Purpose of the Study:
- To investigate topographic differences in computational sleep depth between healthy controls and OSAS patients.
- To evaluate the influence of various analysis parameters on the diagnostic accuracy of computational sleep depth.
- To identify optimal EEG derivations and parameters for distinguishing sleep depth between groups.
Main Methods:
- Comparison of all-night sleep EEG recordings from 16 healthy controls and 16 OSAS patients.
- Analysis of mean EEG frequency across six electrode locations (Fp1-M2, Fp2-M1, C3-M2, C4-M1, O1-M2, O2-M1).
- Systematic optimization of 45 sets of adjustable analysis parameters to enhance diagnostic differentiation.
Main Results:
- Computational sleep depth analysis revealed deeper local sleep in healthy controls compared to OSAS patients during both NREM and REM sleep, despite similar visual epoch scores.
- Optimal performance varied across sleep stages and EEG derivations.

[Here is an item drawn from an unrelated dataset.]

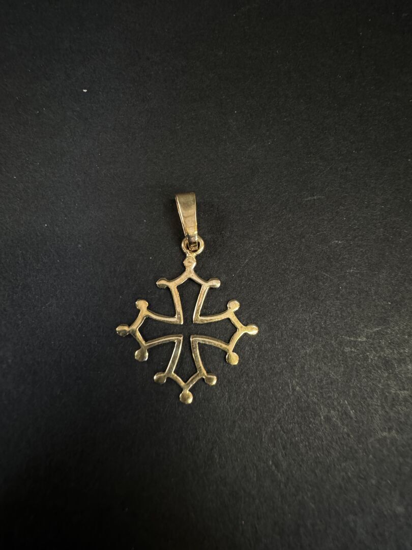 Croix occitane en or jaune 9k (375 millièmes) formant pendentif. Poids : 0.84 gr - Haut. (sans la bélière) : 2.5 cm

- Near-optimal performance for deep sleep was achieved using Fp2-M1, while wakefulness/light sleep was best identified using O1-M2 with specific parameters (1-s resolution, 2s segments, 20.5 Hz max frequency, 51-point moving median smoothing).
Conclusions:
- Computational sleep depth analysis using EEG can detect subtle differences between healthy individuals and OSAS patients not apparent in visual scoring.
- The findings suggest a potential role for this quantitative method in the objective assessment of sleep disturbances.
- Further refinement of parameters and validation in larger cohorts are warranted for clinical application.